Collected data ▸
- - - -
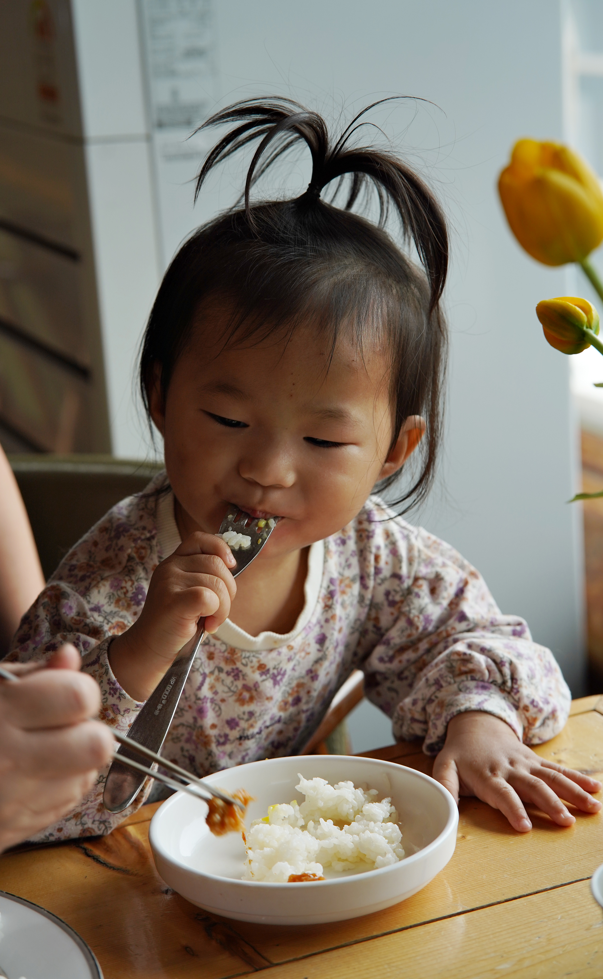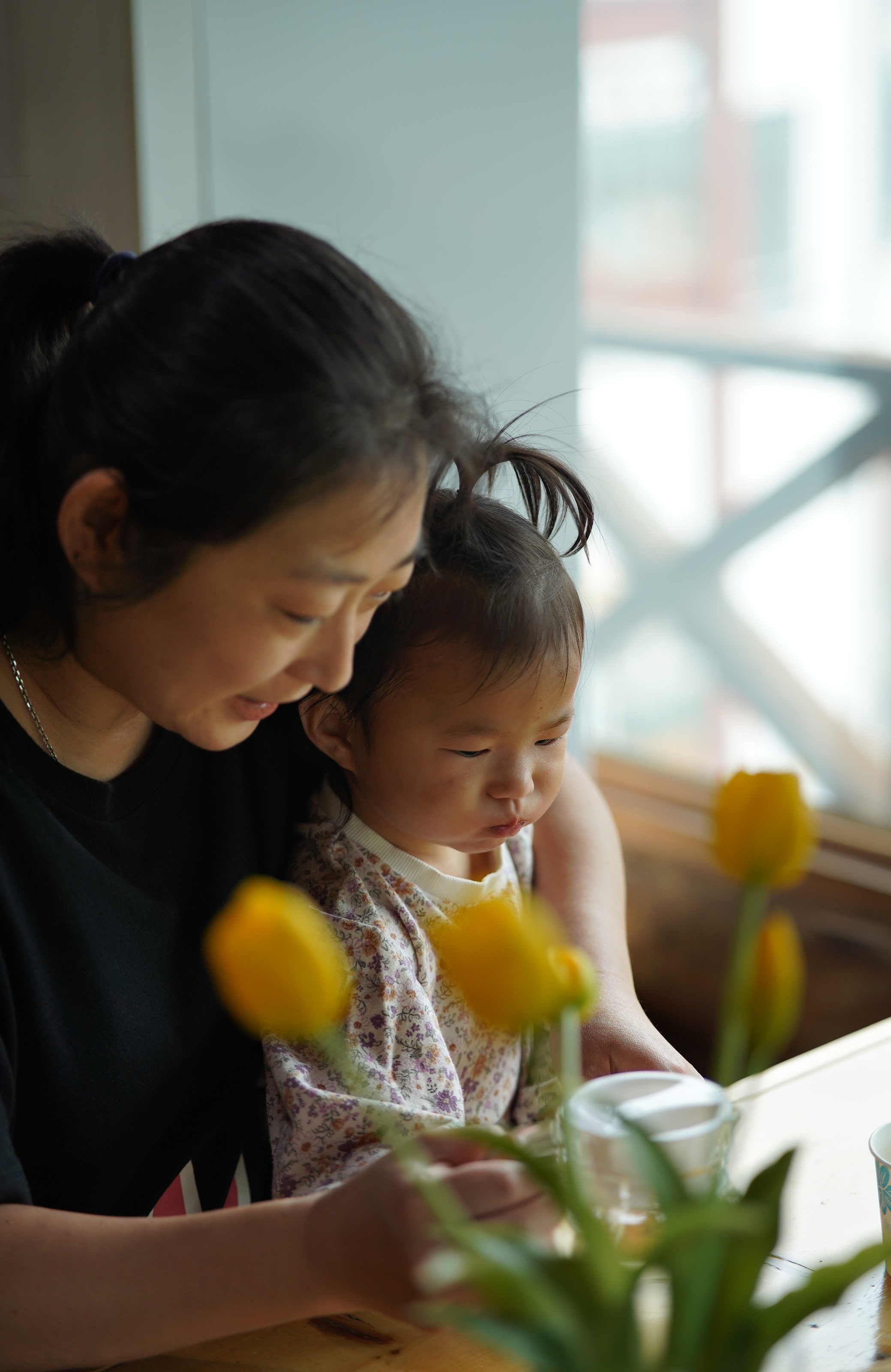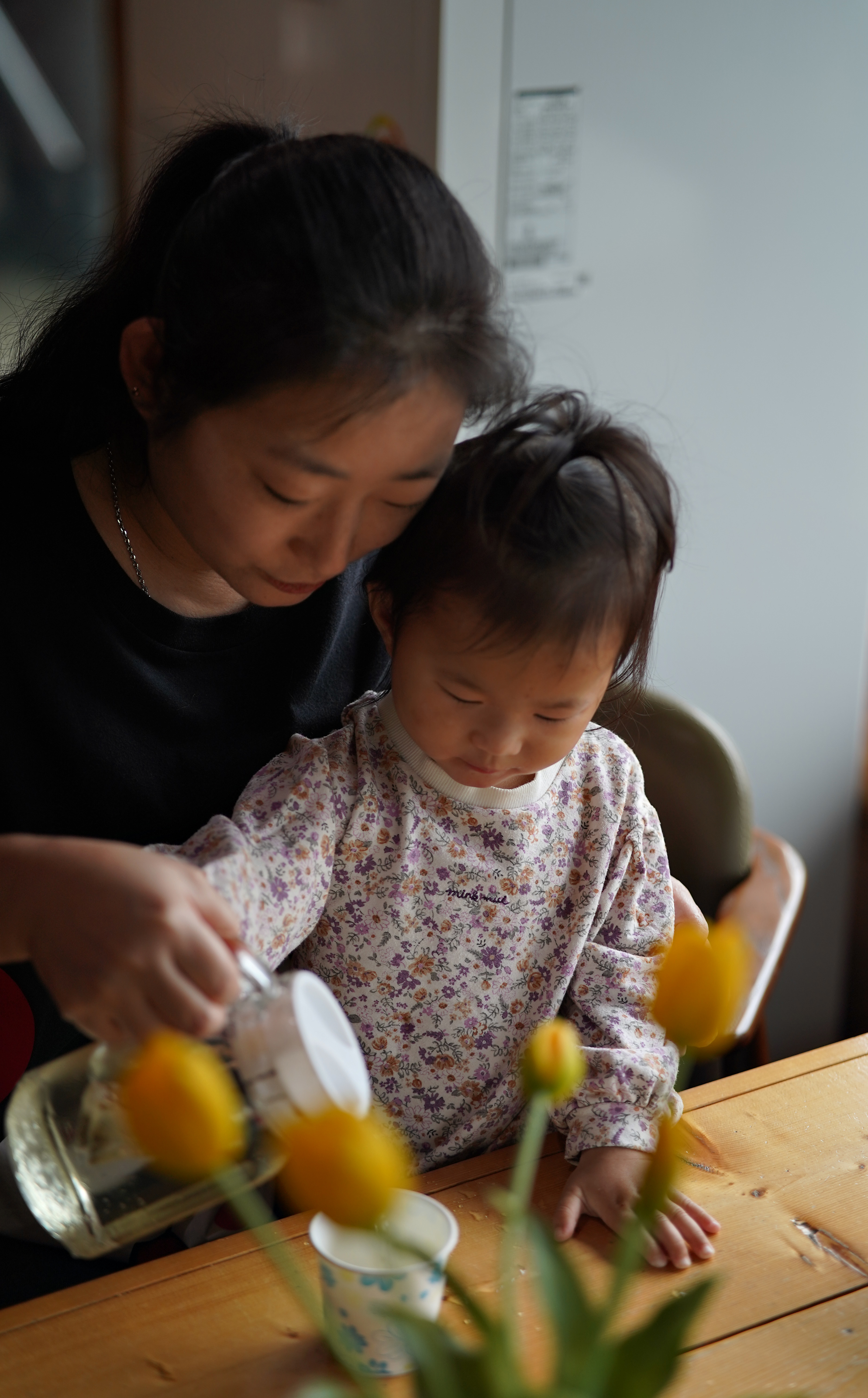 튤립을 만지는 아기
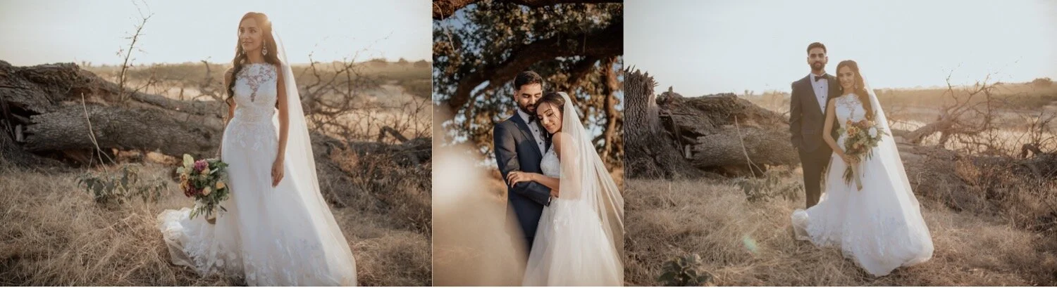 A sunset engagement shoot on a back road farm in Madera California. Navreen really wanted to have the white dress, suite, traditional American wedding….so her boy gave it to her and compromised during their engagement shoot!!! She found her dress, ordered her veil off Amazon….who would have know it was beautiful!!! She also wanted to photographs to be taken on her fathers ranch. He spent the morning clearing out spaces for the shoot and was so excited to show her with a big ole smile on his face. One of his fave spots on the ranch was this giant rock formation so I made sure to snap some portraits of Navreen and Ravinder in front of it so he had them to cherish. These two were all smiles and fun during their session and were pretty much down for anything I directed them to do. Ravinder was a bit nervous but five minutes to their session we were having a good time. We were racing against the sunset for outfit number two but these turned out to be some of my favorite images. They were playful, fun and lots of forehead kisses to end the session.
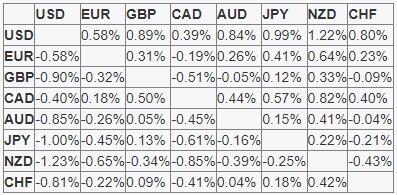 يوضح الجدول أدناه النسبة المئوية للتغير في الدولار الأمريكي USD في مقابل العملات الرئيسية المدرجة هذا الأسبوع. كان الدولار الأمريكي هو الأقوى في مقابل الدولار النيوزيلندي.
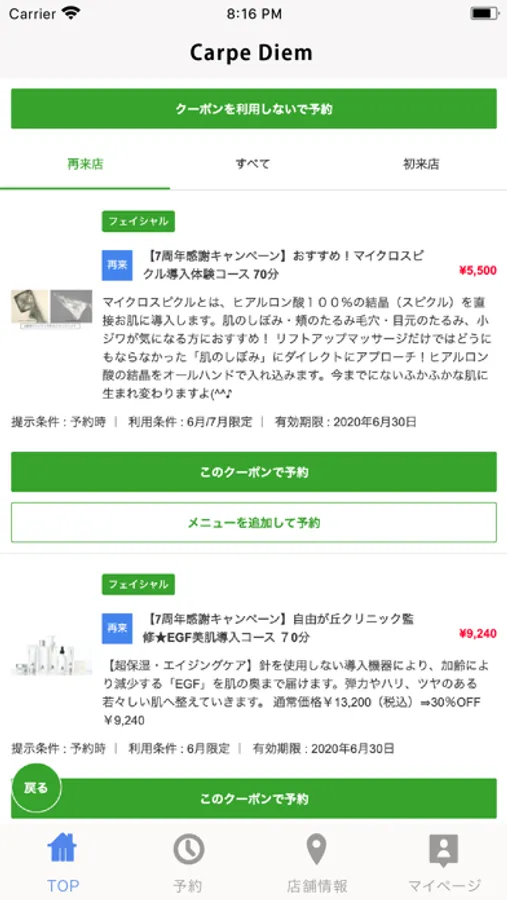 お得なクーポンが配信されます。ネット予約時にクーポン利用での予約も可能なので来店時もスムーズに施術頂けます。
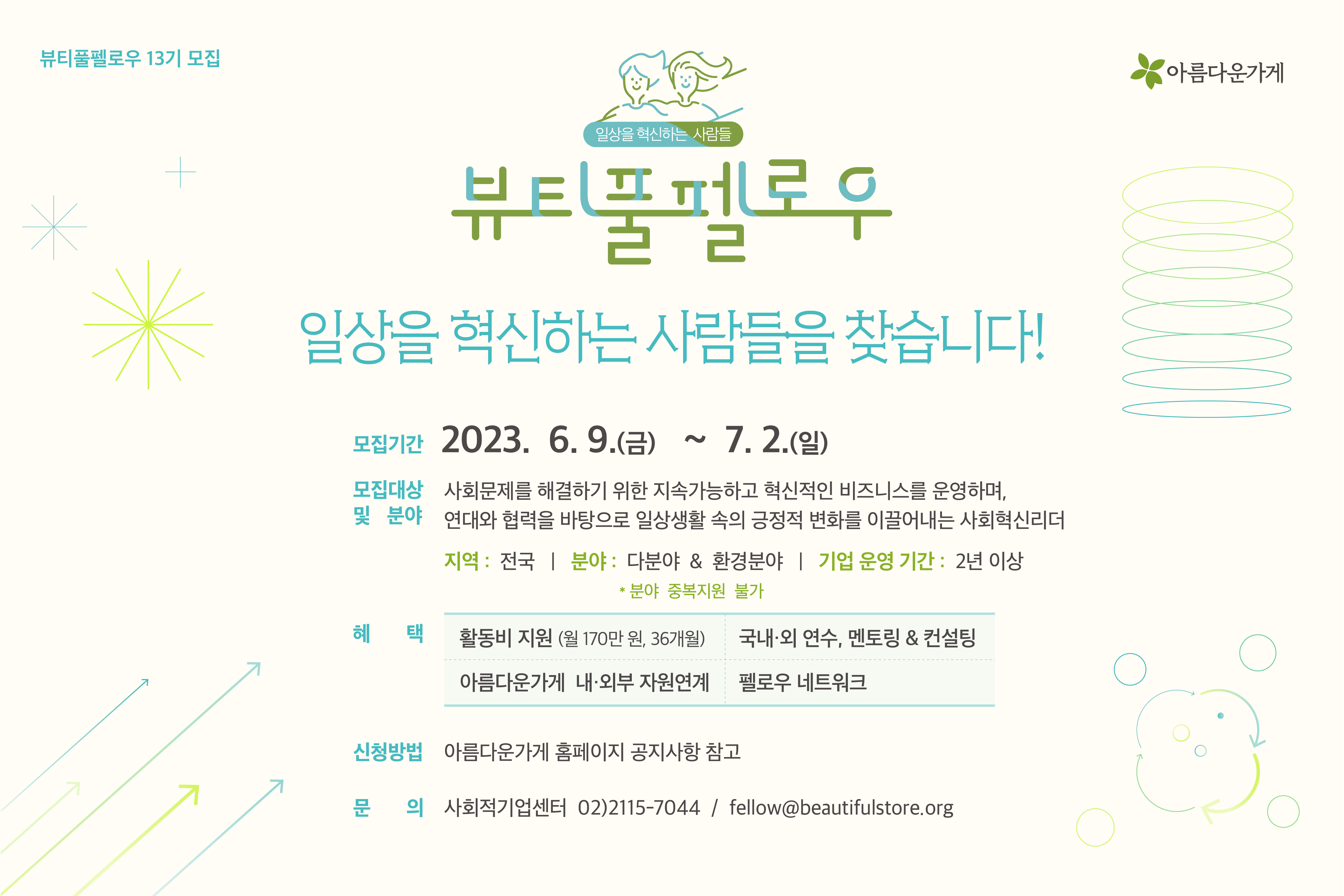 [안내] 아름다운가게 사회혁신리더 지원사업 ‘뷰티풀펠로우’ 13기 모집 (~7.2)
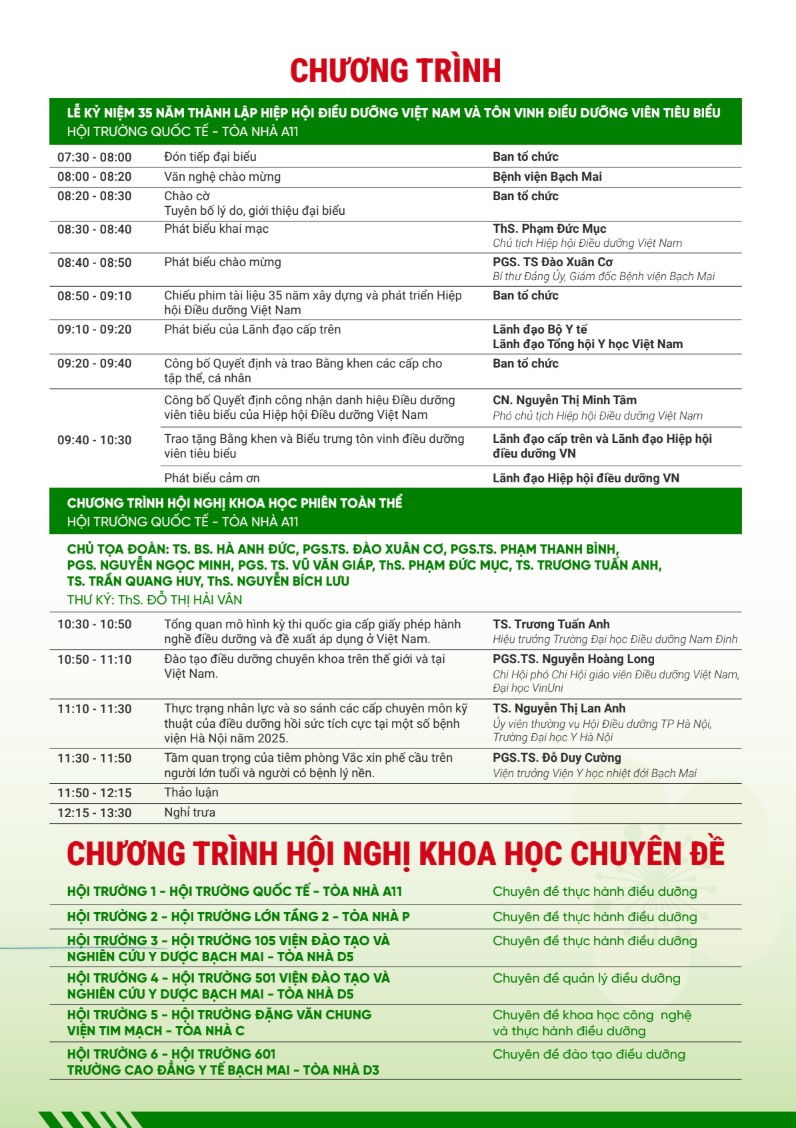 Hãy ghi nhớ lịch sự kiện và theo dõi các kênh truyền thông của Bệnh viện Bạch Mai để không bỏ lỡ những chương trình, nội dung ý nghĩa trong hai ngày 24 và 25/10. Đây là cơ hội quý báu để mỗi điều dưỡng viên tiếp tục trau dồi kỹ năng, hoàn thiện chuyên môn và cùng nhau góp phần xây dựng một cộng đồng điều dưỡng chuyên nghiệp - tận tâm - nhân ái.
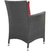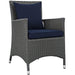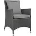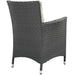 Outfit your patio with an imaginative Sojourn Outdoor Patio Furniture series. The Sojourn Patio Dining Collection offers a robust seating experience that easily rearranges according to usage. Outfitted with industry-leading Sunbrella� fabric cushions, synthetic rattan weave, UV protection, powder-coated aluminum frame, immensely enjoy your outdoor time with an outdoor dining series that enhances patio, backyard, or poolside areas. This installment of the series is an Outdoor Patio Dining Set.
- - - -
Task statement ▸ Output exactly the lines above, from the line with "お得なクーポンが配信されます" to the line with "Hãy ghi nhớ", both included; skip the pictures.

Answer box ▸
 お得なクーポンが配信されます。ネット予約時にクーポン利用での予約も可能なので来店時もスムーズに施術頂けます。
 [안내] 아름다운가게 사회혁신리더 지원사업 ‘뷰티풀펠로우’ 13기 모집 (~7.2)
 Hãy ghi nhớ lịch sự kiện và theo dõi các kênh truyền thông của Bệnh viện Bạch Mai để không bỏ lỡ những chương trình, nội dung ý nghĩa trong hai ngày 24 và 25/10. Đây là cơ hội quý báu để mỗi điều dưỡng viên tiếp tục trau dồi kỹ năng, hoàn thiện chuyên môn và cùng nhau góp phần xây dựng một cộng đồng điều dưỡng chuyên nghiệp - tận tâm - nhân ái.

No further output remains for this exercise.